* _PROBLEM REQUIREMENTS_
Copy exactly the lines starting at the one that contains "En el medio" and running through the end of the material below. Exclude any pictures.
BEGIN RECORDS SUPPLIED
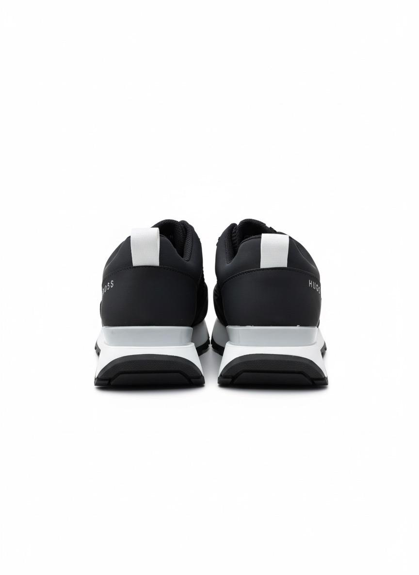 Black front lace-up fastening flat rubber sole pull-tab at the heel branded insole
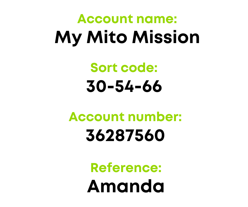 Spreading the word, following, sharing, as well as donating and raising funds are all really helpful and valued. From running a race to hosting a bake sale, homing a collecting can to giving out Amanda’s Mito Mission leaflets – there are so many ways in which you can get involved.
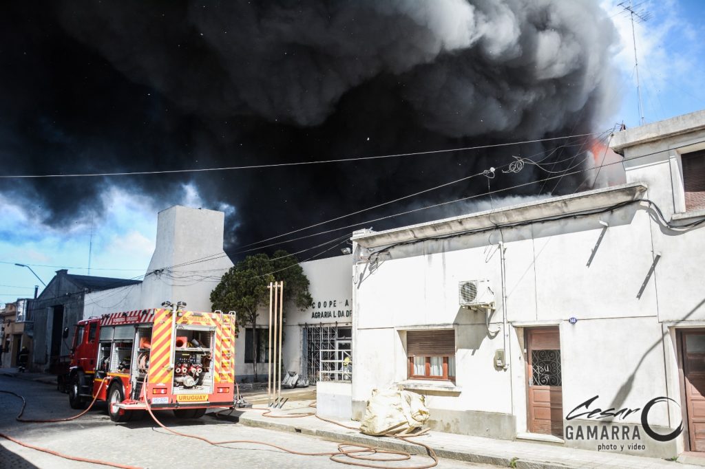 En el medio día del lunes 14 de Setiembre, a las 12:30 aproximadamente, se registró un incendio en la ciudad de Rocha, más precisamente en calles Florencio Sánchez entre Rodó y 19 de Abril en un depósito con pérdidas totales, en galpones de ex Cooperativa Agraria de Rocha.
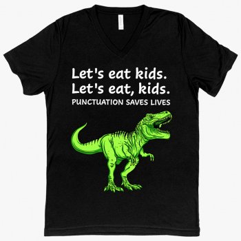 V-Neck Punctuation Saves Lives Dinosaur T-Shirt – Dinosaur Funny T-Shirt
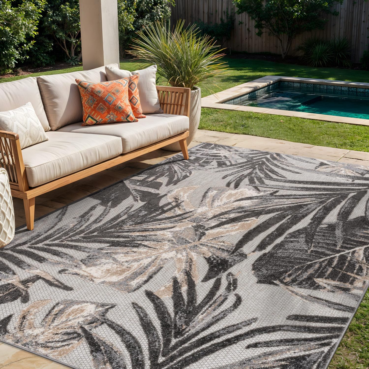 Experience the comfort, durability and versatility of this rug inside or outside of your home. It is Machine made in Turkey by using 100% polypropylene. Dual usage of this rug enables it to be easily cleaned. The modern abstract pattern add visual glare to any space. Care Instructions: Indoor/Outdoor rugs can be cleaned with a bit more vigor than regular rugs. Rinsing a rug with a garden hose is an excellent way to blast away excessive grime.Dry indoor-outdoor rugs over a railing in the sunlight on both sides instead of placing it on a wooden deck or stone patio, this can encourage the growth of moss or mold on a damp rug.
END RECORDS SUPPLIED
* _WRITTEN REPLY_
 En el medio día del lunes 14 de Setiembre, a las 12:30 aproximadamente, se registró un incendio en la ciudad de Rocha, más precisamente en calles Florencio Sánchez entre Rodó y 19 de Abril en un depósito con pérdidas totales, en galpones de ex Cooperativa Agraria de Rocha.
 V-Neck Punctuation Saves Lives Dinosaur T-Shirt – Dinosaur Funny T-Shirt
 Experience the comfort, durability and versatility of this rug inside or outside of your home. It is Machine made in Turkey by using 100% polypropylene. Dual usage of this rug enables it to be easily cleaned. The modern abstract pattern add visual glare to any space. Care Instructions: Indoor/Outdoor rugs can be cleaned with a bit more vigor than regular rugs. Rinsing a rug with a garden hose is an excellent way to blast away excessive grime.Dry indoor-outdoor rugs over a railing in the sunlight on both sides instead of placing it on a wooden deck or stone patio, this can encourage the growth of moss or mold on a damp rug.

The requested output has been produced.